Does java's unicode regex only support simple case folding? If so, why is this not explicitly documented?
Upvotes: 0
Views: 102
Reputation: 11020
On my system, it seems to convert lower case correctly to upper:
public class IfTesting {
public static void main( String[] args ) {
String lowerStream = "flüßchen";
String upperStream = "FLÜSSCHEN";
System.out.println( "upper case: " + Arrays.toString( upperStream.getBytes()) );
System.out.println( "lower case to upper: " + Arrays.toString( lowerStream.toUpperCase().getBytes() ) );
}
}
Results in output:
run:
upper case: [70, 76, -61, -100, 83, 83, 67, 72, 69, 78]
lower case to upper: [70, 76, 85, -52, -120, 83, 83, 67, 72, 69, 78]

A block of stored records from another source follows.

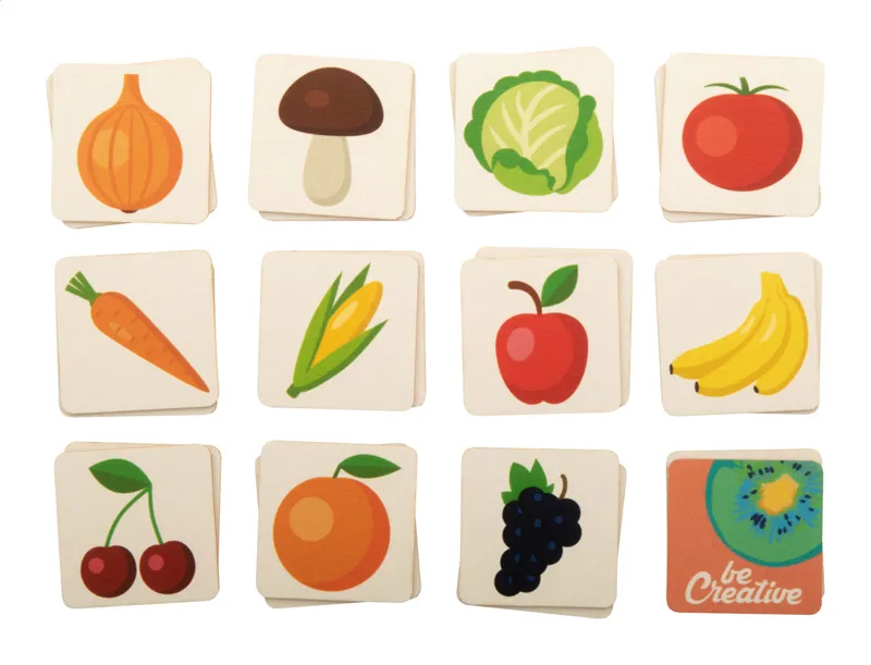 Kartonpapírból készült memóriajáték tematikus grafikával, egyedi papírdobozban. 24 lapka (40×40 mm). Az ár tartalmazza a full colour nyomtatás költségét az összes lapka hátoldalán és a dobozon. Minimális rendelési mennyiség: 100 db.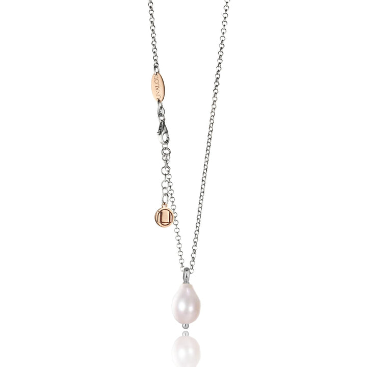 This Sterling Silver Necklace with Baroque Pearl Pendant by Unaloe captures the beauty of imperfection. Each luminous baroque pearl is one-of-a-kind, radiating individuality and timeless elegance. Suspended on a refined silver chain, the necklace strikes a balance between classic sophistication and modern artistry—ideal for both everyday wear and special occasions.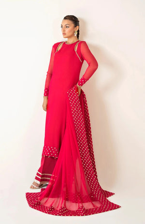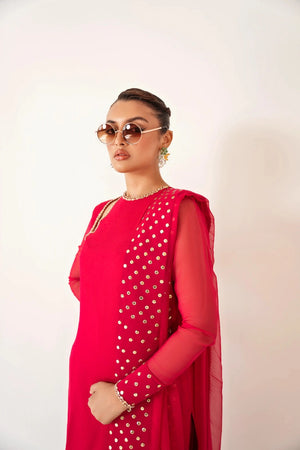- Introducing ‘Jasmine’, a sweetly charming candy-colored chiffon shirt with a sultry side cut neckline, embellished with intricate beads and silver sequins work that shines like a summer breeze. Paired with a flowing chiffon dupatta and raw silk trousers, this ensemble is a whimsical dream come true, perfect for making a stylish statement.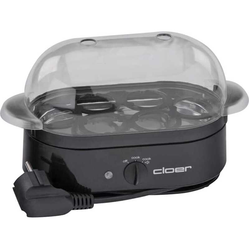 - Je meet de juiste hoeveelheid water af met de maatbeker, giet dit in de eierkoker, zet de eieren in de houder erbovenop en start het kookproces. Als het water verdampt is klinkt er een signaal zodat je weet dat je eitjes gereed zijn. Om te voorkomen dat je eieren breken zit er in de bodem van de maatbeker een eierprikker. De losse delen zijn vaatwasmachine bestendig en voor een optimale reiniging is de bodemplaat van roestvrij staal, dus gemakkelijk schoon te houden.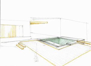 section through living room and pool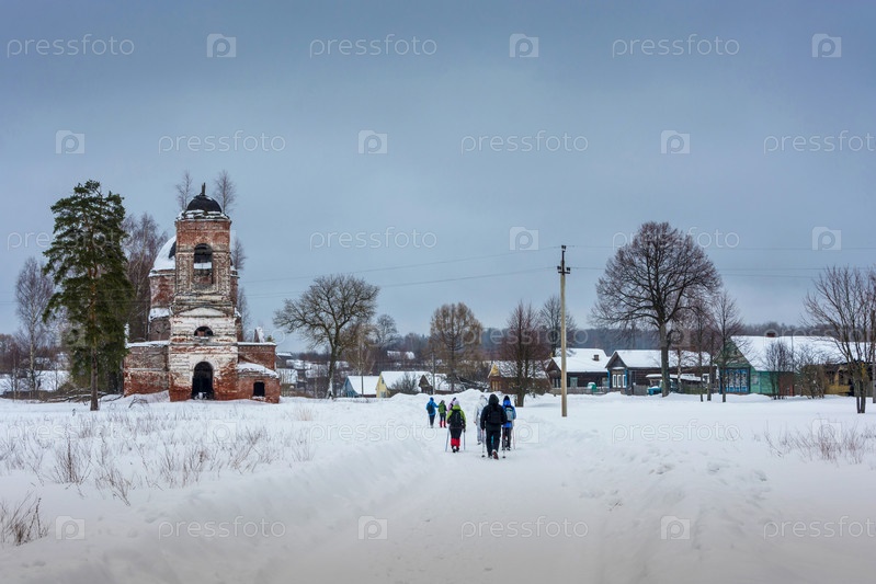Группа туристов в деревнюе в зимний день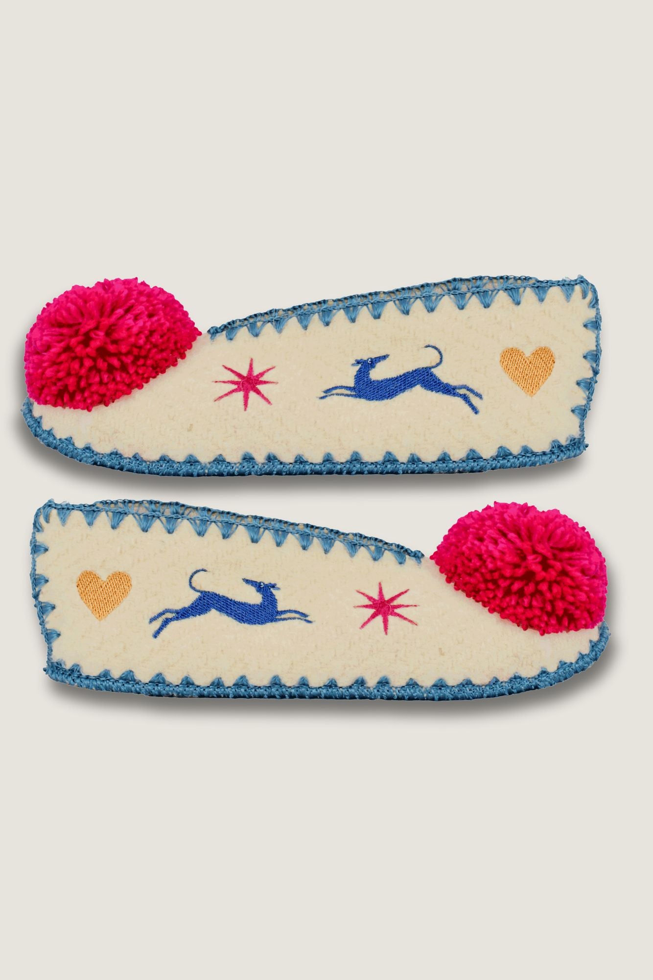 Ces chaussons traditionnels Inspiré du folklore Grec sont revisité ici avec une édition limitée se distinguant par un motif exclusif, imaginé spécialement par Spiti Hêlios, garantissant une création unique et précieuse.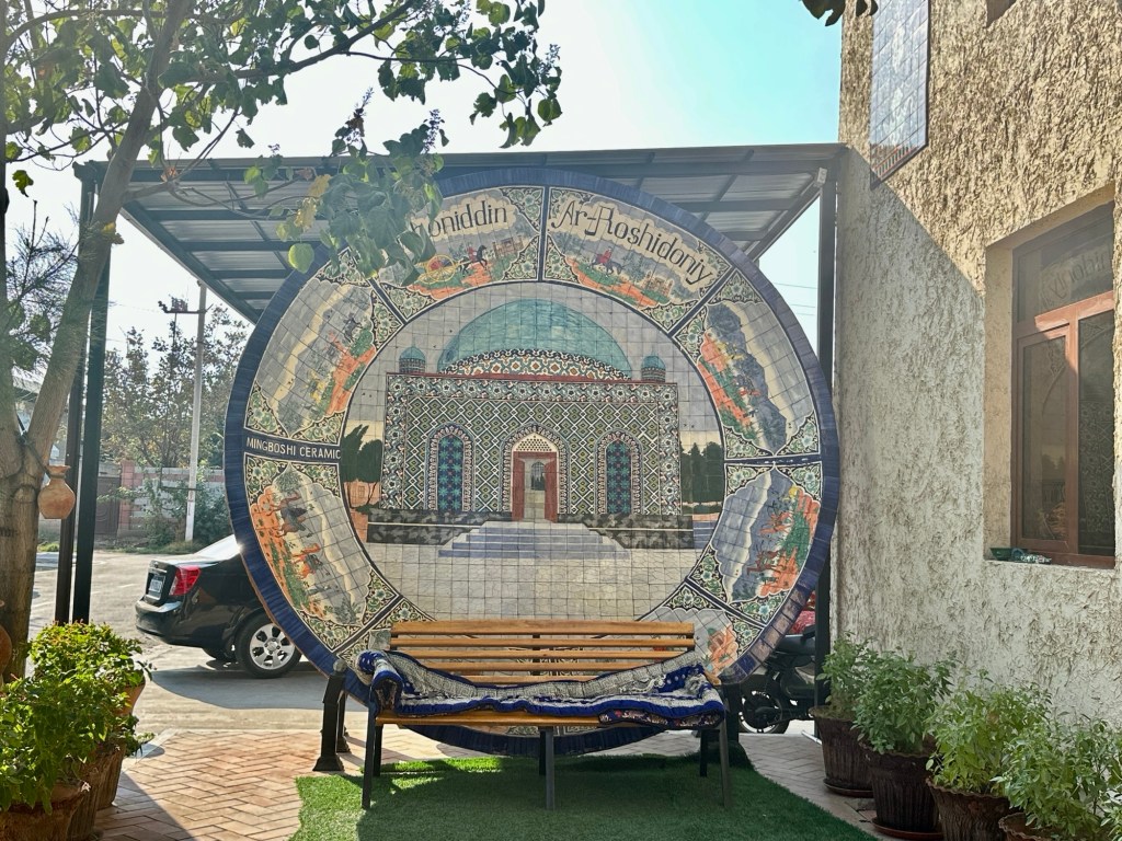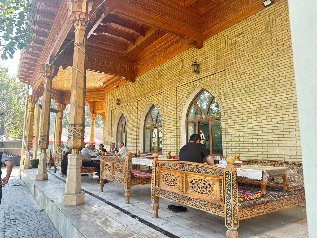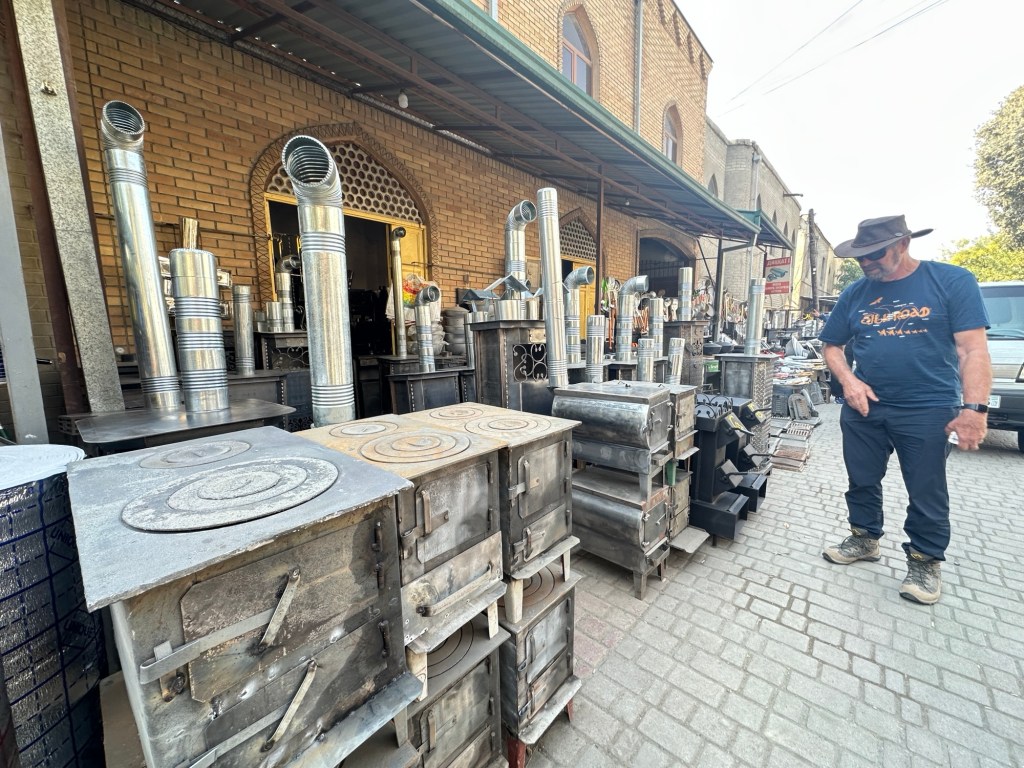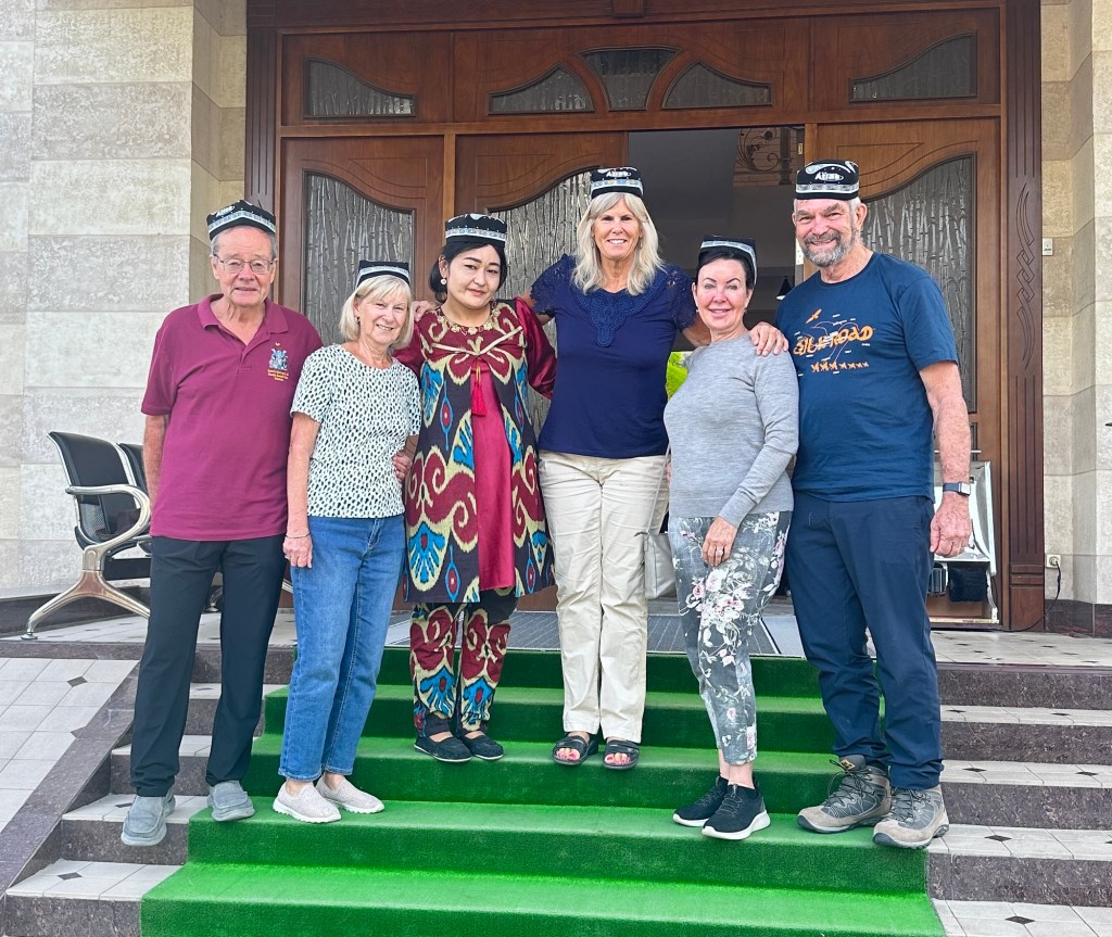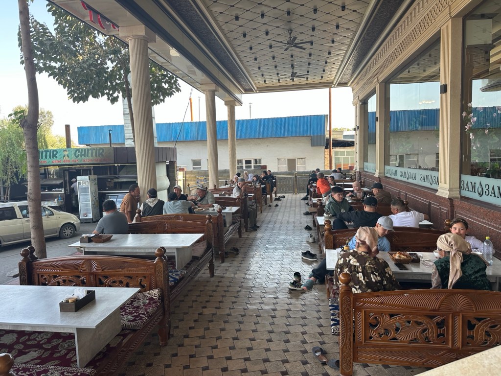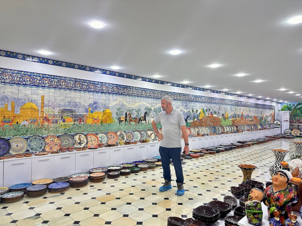 Another hour’s drive to Margilan where we had one night at the Atlas Hotel. Found a nice Turkish restaurant for dinner, after we’d walked for miles down one street that had 50 men’s shops! Had a yummy dinner.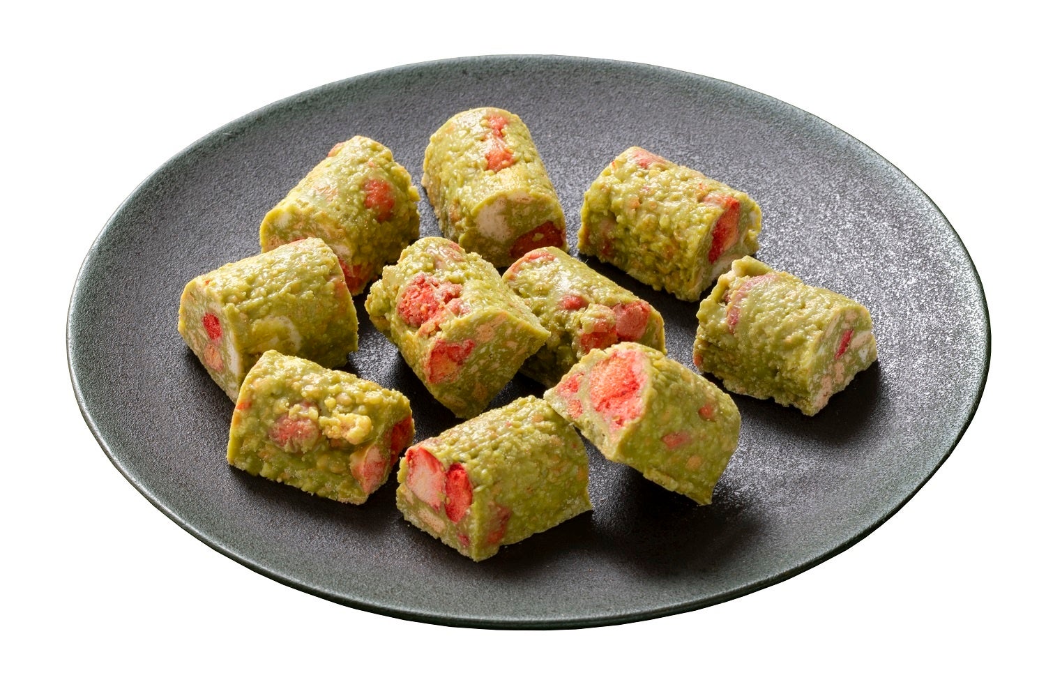 【内容】チョコの甘味と苺の酸味を一粒で楽しめるチョコレート。ホワイトチョコと京都府産宇治抹茶使用の抹茶チョコを、フリーズドライの苺に2層掛けしました。サステナブルカカオ使用。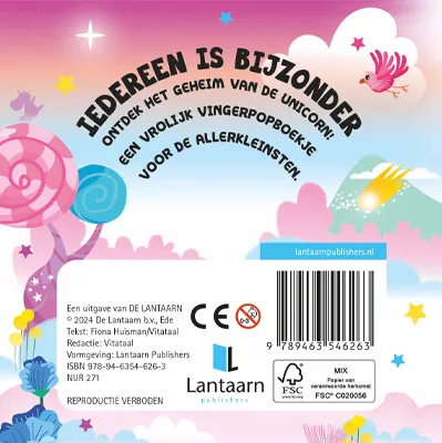 Ga jij met de eenhoorn mee op avontuur? Dit stevige kartonboek bevat een vingerpop van Unicorn met daarin een piepende verrassing! Iedere pagina bevat een vrolijk tekstje op rijm. Een vrolijk vingerpopboekje voor de allerkleinsten.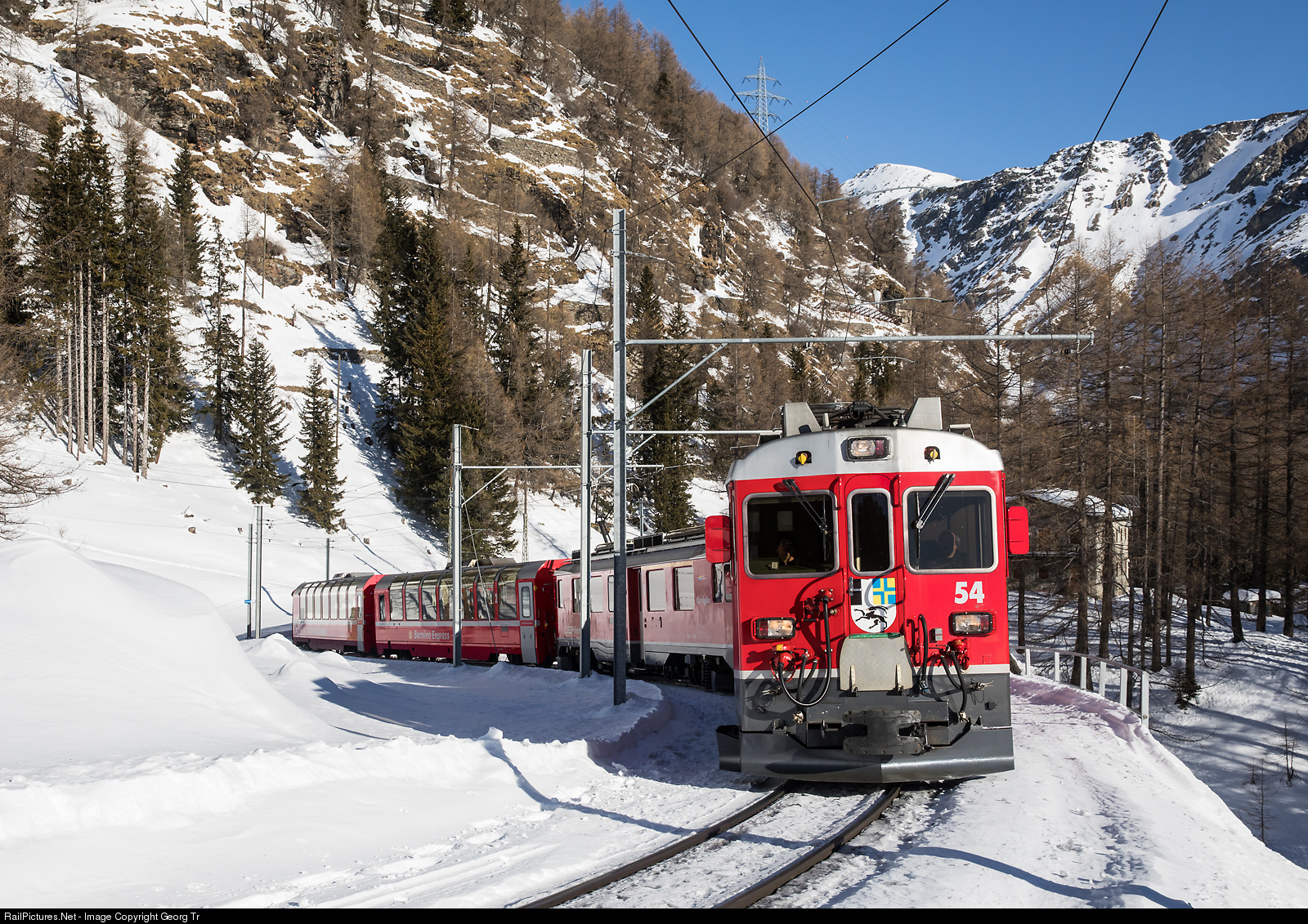 RailPictures.Net Photo: 54, 56 RhB - Rhätische Bahn ABe 4/4 at Alp Grüm, Switzerland by Georg Trüb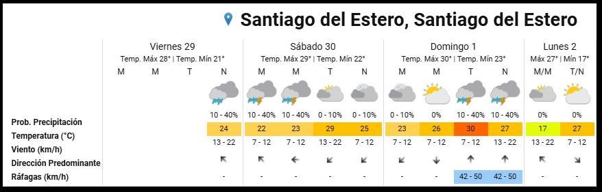 Según el último informe del Servicio Meteorológico Nacional (SMN), las lluvias en la ciudad Capital de Santiago del Estero persistirán, generando un ambiente inestable en la región.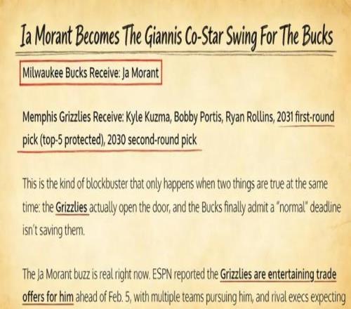 美媒《Fadeaway World》撰文建議,雄鹿應(yīng)該考慮打包送出庫茲馬、波蒂斯、羅林斯以及2031年的首輪簽(前5保護(hù))、2030年的次輪簽,從灰熊引入莫蘭特。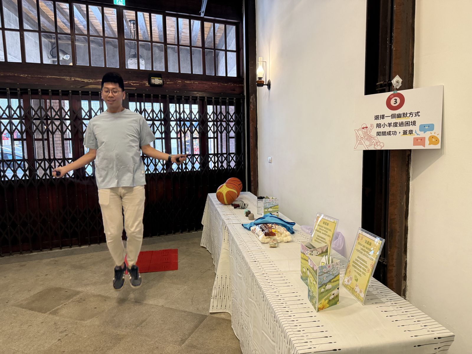 在「幽默」的關卡裡,練習面對挫折還能保持微笑,嘗試用運動、吃美食、捏紓壓球、甩手等方式紓壓,不是只能假裝堅強,也可以笑著說「我有事」,靜靜給自己一個深呼吸,一步一步慢慢來。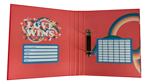 Está hecha de material de muy buena calidad y cuenta con los anillos para colocar hojas A4. Tiene dibujos tanto en la parte externa, como en la interna de la carpeta.
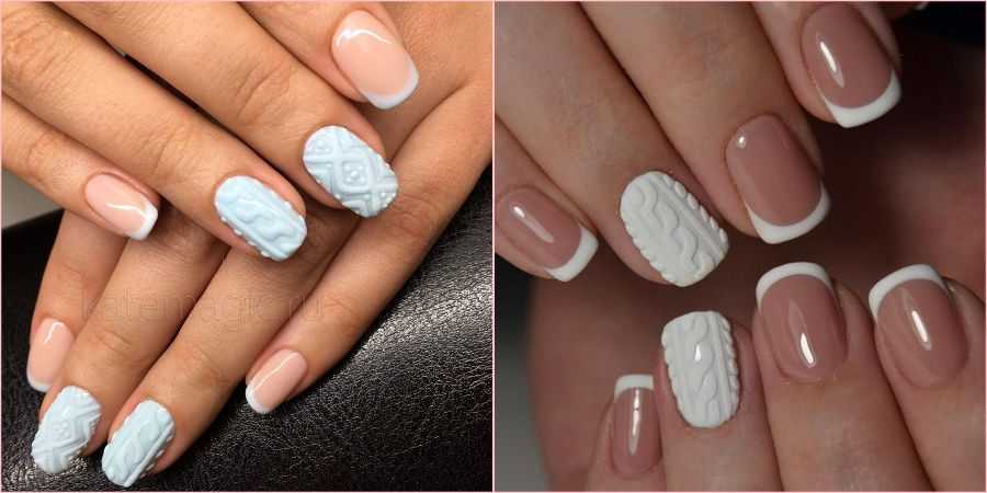 «Свитерок» – еще так называют рассматриваемый дизайн ногтей. Выглядит он необычно и прекрасно сочетается с френчем. Замечательная идея сделать вязаные мотивы на зимнее торжество, ведь они превосходно дополнят образ новобрачной в шубке, свитере или кардигане.

BUILD SUCCESSFUL (total time: 0 seconds)
And you can see that 'S' (83 decimal) appears in the output. I don't know if this helps, but it appears at some level that Java understands how to convert the characters you provided. OTOH I'm guessing that since 83 is clearly in the ASCII range, it will be converted to a lower case ASCII 's' if you attempt to go the other way. So that might make it better to convert to upper case. You're using lower case 'ss' in your match string.
Upvotes: 1